AVAILABLE DATA ::
□ □ □ □ □

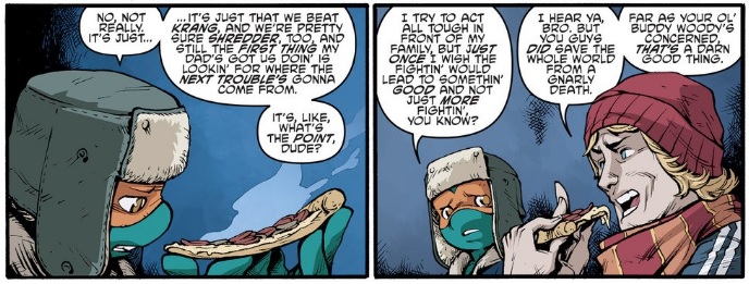 Donnie isn’t the only turtle who’s feeling out of sorts. When Michelangelo goes to to get some pizza from his friend Woody, he divulges that he’s not OK with having to constantly fight crime for a living.
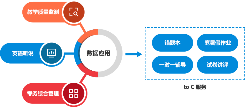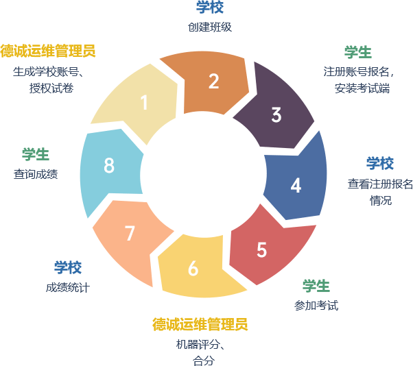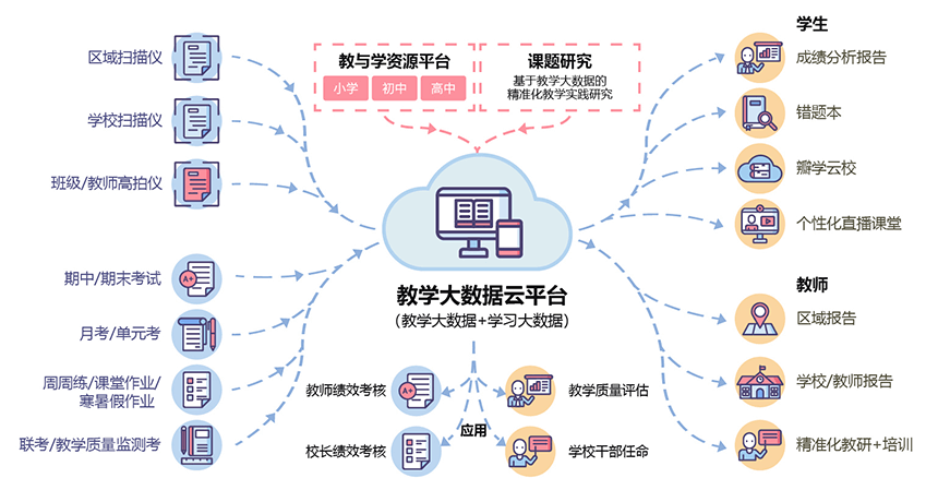 通过学校自主组织考试、答题卡制作、扫描识别、网上阅卷等流程,收集考生的考试成绩,建 立起大数据考试分析系统,
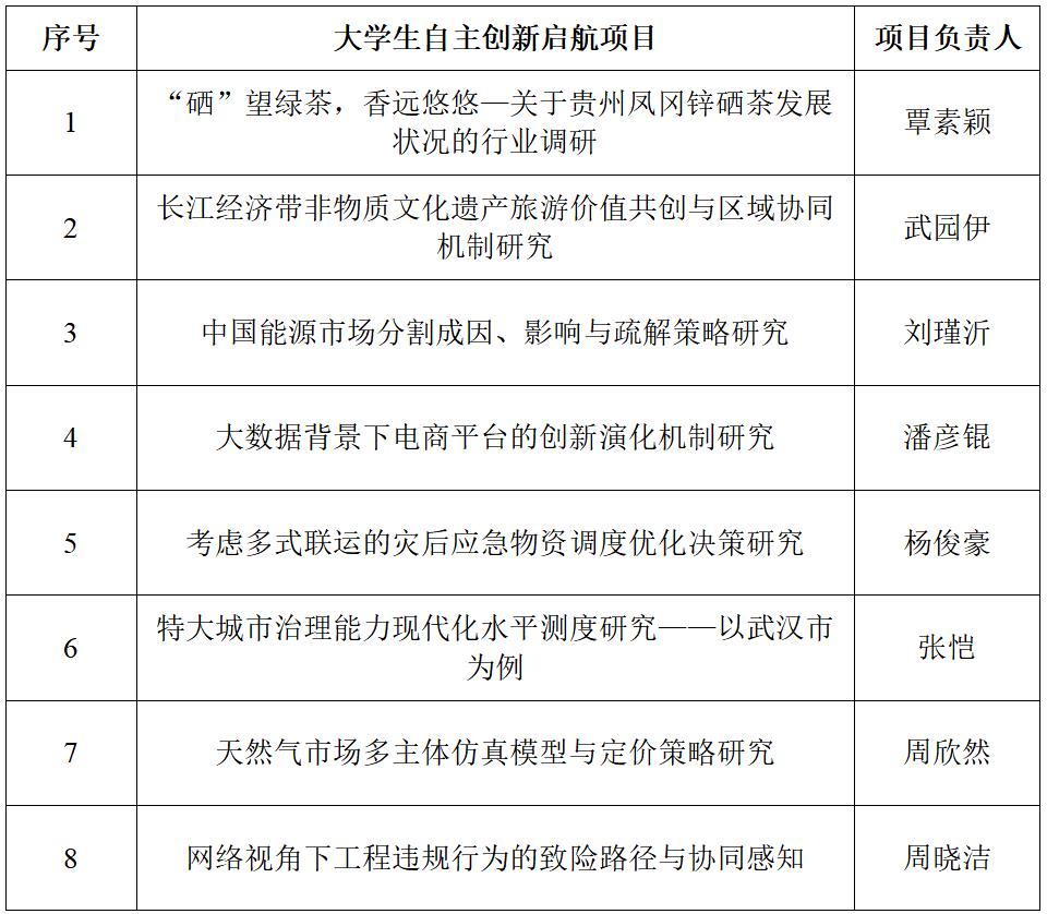 根据大学生自主创新资助计划立项工作的相关要求和实施细则,经济管理学院通过组建专家评审委员会,已完成遴选领航团队和启航项目的立项,现予以院内公示:
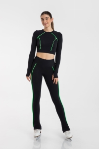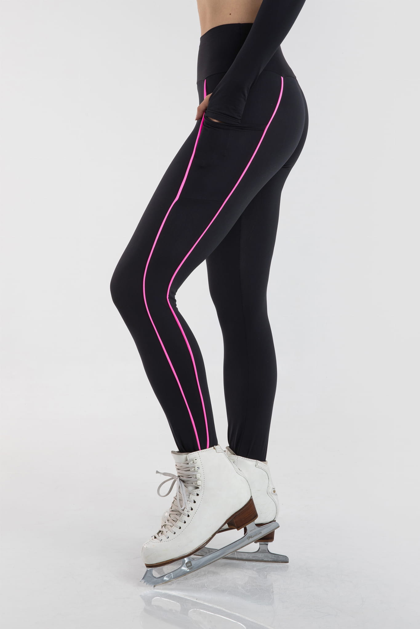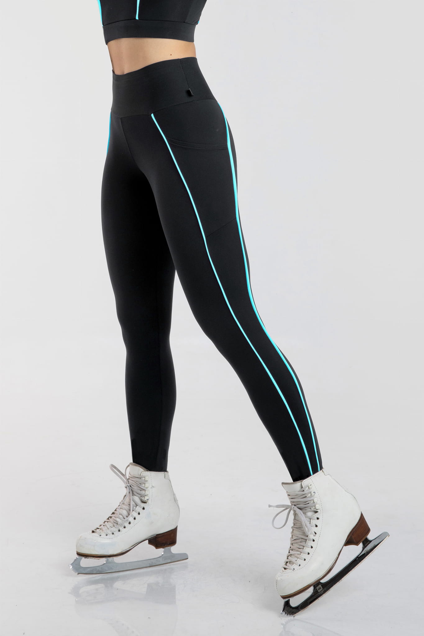 Łyżwiarskie legginsy Clover z szerokim pasem i wysokim stanem oraz boczną kieszenią. Ozdobione kolorową lamówką wzdłuż bocznych części nogawek. Wewnątrz szczotkowana tkanina (tzw. miś).

□ □ □ □ □

PROBLEM DETAILS ::
Only the lines from the one with "根据大学生自主创新资助计划立" through the last line of the listing belong in your answer; copy them exactly and skip the pictures.

OUTPUT FOR THIS EXERCISE ::
 根据大学生自主创新资助计划立项工作的相关要求和实施细则,经济管理学院通过组建专家评审委员会,已完成遴选领航团队和启航项目的立项,现予以院内公示:
 Łyżwiarskie legginsy Clover z szerokim pasem i wysokim stanem oraz boczną kieszenią. Ozdobione kolorową lamówką wzdłuż bocznych części nogawek. Wewnątrz szczotkowana tkanina (tzw. miś).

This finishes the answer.